= Caroline Demmer =

German-Austrian actress and singer

Caroline Friederike Wilhelmine Demmer (née Krüger; 12 February 1764 – 14 April 1813) was a German-Austrian actress and singer.

== Life ==
Born in Berlin, Krüger was the sister of actor Karl Friedrich Krüger (1765–1828) and began her theater career in 1779 at the age of 15. In 1786–87 she was engaged by Joseph Bellomo in Weimar, in 1788–89 by Gustav Friedrich Wilhelm Großmann, then by the Dietrichsche Gesellschaft, where she married the singer and actor from Cologne Carl Demmer.

On 16 November 1790 she wrote an invitation tender to Düsseldorf to Hofkammerrat Franz Kirms in Weimar and applied again for a position there. She mentioned: "But I must tell you beforehand that I... changed and married Mr. Demmer' brother who was with me in Weimar at the time. My husband is the first tenorist and plays the first also second young lovers in the comedy..., he has a very pleasant voice and is firmly musical." On the same day she applied again to Großmann, to whom she also told: "I have married myself meanwhile. My husband is the first tenorist, and also plays lovers in the comedy; my brother is also with us".

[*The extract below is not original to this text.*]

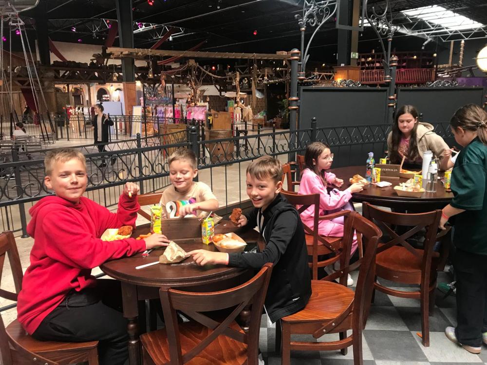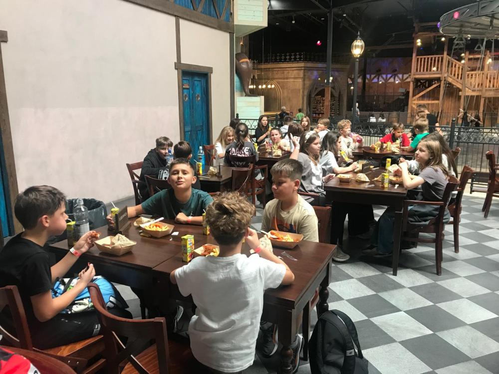 Głównym punktem programu była wizyta w parku Mandoria, gdzie dzieci mogły korzystać z licznych karuzel, kolejek i innych atrakcji tematycznych. Wspaniała sceneria stylizowana na renesansowe miasto sprawiła, że uczniowie przenieśli się w czasie i poczuli klimat dawnych epok.

Together with her husband she came to the Weimar court theatre on 4 February 1791, where she was supported by Goethe and Schiller. In April–May 1794 both went to Frankfurt, where Demmer in particular enjoyed great popularity. Goethe's mother mentions him in several letters to her son.

In spring 1804 both finally accepted an engagement at the Theater an der Wien, and travelled from Frankfurt via Regensburg, where they arrived on 7 March to Vienna. Demmer made his debut there on 8 August 1804 at the Theater am Kärntnertor as wife of Duval in the comedy Viktorine oder Wohlthun trägt Zinsen by Friedrich Ludwig Schröder.

In 1813 the family lived on Laimgrube No 26, thus in an official residence of the Theater an der Wien, where Demmer died on 14 April 1813 at the age of 49 "from a lung addiction" (tuberculosis).

== Family ==
The marriage of Carl and Caroline Demmer gave birth to numerous important Viennese actresses and actors, among them
- Friedrich Demmer (1785 in Berlin – 15 April 1838 in Mariahilf near Vienna), from September 1829 to 1834 as singer, then until his death as chief director of the Imperial and Royal Court Opera Theatre,
- Jeannette Schmidt née Demmer (5 April 1794 in Weimar – 14 March 1862 in Vienna).
- Josefine Scutta born Demmer (19 September 1795 in Frankfurt – 22 December 1863 in Vienna), wife of Andreas Scutta, both spouses known as stage colleagues of Johann Nestroy and Wenzel Scholz,
- Thekla Demmer, married Kneisel (1802 in Frankfurt – 23 August 1832 in Vienna), also stage partner of Nestroy as well as Ferdinand Raimund's.